Comments (5)
I looked into this. The structure of the code is a triple-nested for
loop with the inner loop producing a feature. In this case, the loop is
u x k x a = 1 x 2 x 1 = 2 additional features. Paul, can you confirm?
-John
On 06/05/2014 02:37 PM, Vaclav Petricek wrote:
The mini example below demonstrates two issues:
- audit outputs just k (=2) latent features although there are in
fact 2 x k (=4) latent features (left and right). Also the features
are all named the same.- The standard progress output then reports just 3 features (probably
does not include the latent features at all while |-q| and matrix
factorizations include the expanded feature set).|[vpetricek@hadoop0000 benchmark]$ echo "|u 1 |a 2" | vw --lrq ua2 --audit
Num weight bits = 18
learning rate = 0.5
initial_t = 0
power_t = 0.5
creating low rank quadratic features for pairs: ua2
using no cache
Reading datafile =
num sources = 1
average since example example current current current
loss last counter weight label predict features
0.000000
u^1:60292:1:0@0 a^2:108240:1:0@0 lrq^u^a:108241:0:0@0 lrq^u^a:108242:0:0@0 Constant:202096:1:0@0
0.000000 0.000000 1 1.0 unknown 0.0000 3finished run
number of examples per pass = 1
passes used = 1
weighted example sum = 1
weighted label sum = 0
average loss = 0
best constant = nan
total feature number = 3
|—
Reply to this email directly or view it on GitHub
#319.
from vowpal_wabbit.
I confessed to being confused by my own code :)
When testing or when there is no label, there are only k features sent into the core. When training there are 2*k features sent into the core, basically cheesing the gradient via d(xy)=x dy + y dx. So unfortunately for audit, different outputs will be obtained in these two cases. Perhaps audit should be modified to only output things on the first iteration, which would make the output the same under these various conditions.
I made other screw ups wrt audit piece that Alexey Rodriguez fixed in pull request 324 (#324) which was just merged, perhaps you should check that out, maybe you'll like the results better.
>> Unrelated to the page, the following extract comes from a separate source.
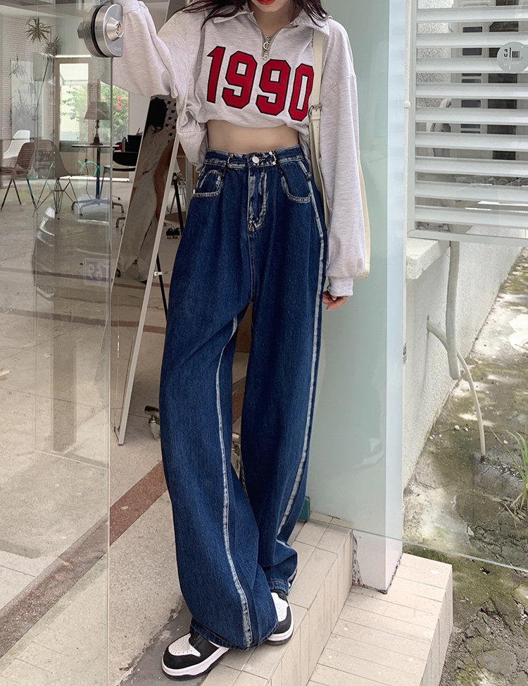 8862#实价实拍 高腰直筒裤拖地长裤可调节腰扣设计感白边牛仔裤热门设计联盟服务商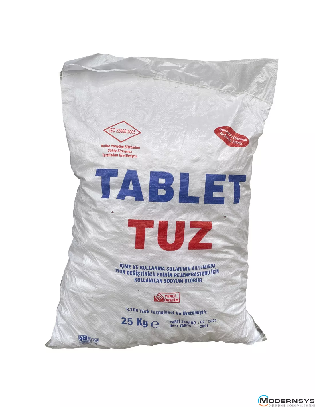 Соль таблетированная, форма – подушечка. Соль таблетированная используется как реагент для восстановления ионообменных свойств смолы в установках смягчения воды (смягчители). Приобрела широкое применение в сферах жилищно-коммунального хозяйства, а именно, котельных, системах водоочистки и водоподготовки. Также активно используется в установках для смягчения воды, бассейнах, аквапарках и автомойках. Таблетированная соль, чтобы смягчить воду, производится только из чистой соли, имеющей высокое качество - марки экстра.

He tested the audit output for sanity but might have used -t or unlabeled data when validating the audit output in which case this problem would not have been detected.
from vowpal_wabbit.
Regarding (1), as Paul says, on testing indeed only two features will be shown by audit, however if you add a label you will see all of them:
$ echo "1 |u 1 |a 2" | ./vw --lrq ua2 --audit
Num weight bits = 18
learning rate = 0.5
initial_t = 0
power_t = 0.5
creating low rank quadratic features for pairs: ua2
using no cache
Reading datafile =
num sources = 1
average since example example current current current
loss last counter weight label predict features
0.000000
u^1:60292:1:0@0 a^2:108240:1:0@0 lrq^a^2^1:108241:0.475038:0@0 lrq^a^2^2:108242:0.0818419:0@0 Constant:202096:1:0@0
0.673033
lrq^u^1^2:60294:1.64519:0.0818419@0 lrq^u^1^1:60293:0.283379:0.475038@0 u^1:60292:1:0.13459@4 a^2:108240:1:0.13459@4 Constant:202096:1:0.13459@4
1.000000 1.000000 1 1.0 1.0000 0.0000 3
finished run
number of examples per pass = 1
passes used = 1
weighted example sum = 1
weighted label sum = 1
average loss = 1
best constant = 1
total feature number = 3
Note that additional numerical suffix to index the latent factors (already merged in master).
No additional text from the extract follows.